The three chief components of the summaries are the definitions of operations, e.g.:

:LoopVectorization, :getindex, LoopVectorization.OperationStruct(0x0000000000000013, 0x0000000000000000, 0x0000000000000000, 0x0000000000000000, LoopVectorization.memload, 0x02, 0x03)

the referenced array objects:

LoopVectorization.ArrayRefStruct(0x0000000000000101, 0x0000000000000102, 0xffffffffffffe03b)

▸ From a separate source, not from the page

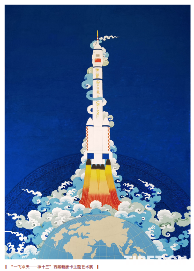 唐卡藝術(shù)家邊巴的新唐卡作品《一飛沖天》,以神舟十三號(hào)為主題,描繪了飛船沖出地球奔向星辰大海的瞬間。飛船、地球、祥云的后面,有一個(gè)融入背景的曼荼羅圖案,象征著西藏傳統(tǒng)的宇宙觀。傳統(tǒng)地道的勉唐派唐卡繪畫語言,采自天然礦物富有環(huán)保特征的厚實(shí)顏色,漢藏融合的審美品位,立足中國放眼世界的人類命運(yùn)共同體胸懷,正是新時(shí)代新唐卡新融合的藝術(shù)表達(dá)。

and the set of loop bounds:

(LoopVectorization.StaticLowerUnitRange{0}(M), LoopVectorization.StaticLowerUnitRange{0}(N), LoopVectorization.StaticLowerUnitRange{0}(K))

Broadcasting

When applying the @turbo macro to a broadcast expression, there are no explicit loops, and even the dimensionality of the operation is unknown. Consequently the LoopSet object must be constructed at compile time. The function and involved operations are their relationships are straightforward to infer from the structure of nested broadcasts:

julia> Meta.@lower @. f(g(a,b) + c) / d
:($(Expr(:thunk, CodeInfo(
    @ none within `top-level scope'
1 ─ %1 = Base.broadcasted(g, a, b)
│   %2 = Base.broadcasted(+, %1, c)
│   %3 = Base.broadcasted(f, %2)
│   %4 = Base.broadcasted(/, %3, d)
│   %5 = Base.materialize(%4)
└──      return %5
))))

julia> @macroexpand @turbo @. f(g(a,b) + c) / d
quote
    var"##262" = Base.broadcasted(g, a, b)
    var"##263" = Base.broadcasted(+, var"##262", c)
    var"##264" = Base.broadcasted(f, var"##263")
    var"##265" = Base.broadcasted(/, var"##264", d)
    var"##266" = LoopVectorization.vmaterialize(var"##265", Val{:Main}())
end

These nested broadcasted objects already express information very similar to what the LoopSet objects hold. The dimensionality of the objects provides the information on the associated loop dependencies, but again this information is available only when the method is compiled for specific types. The @generated function vmaterialize constructs the LoopSet by recursively evaluating add_broadcast! on all the fields.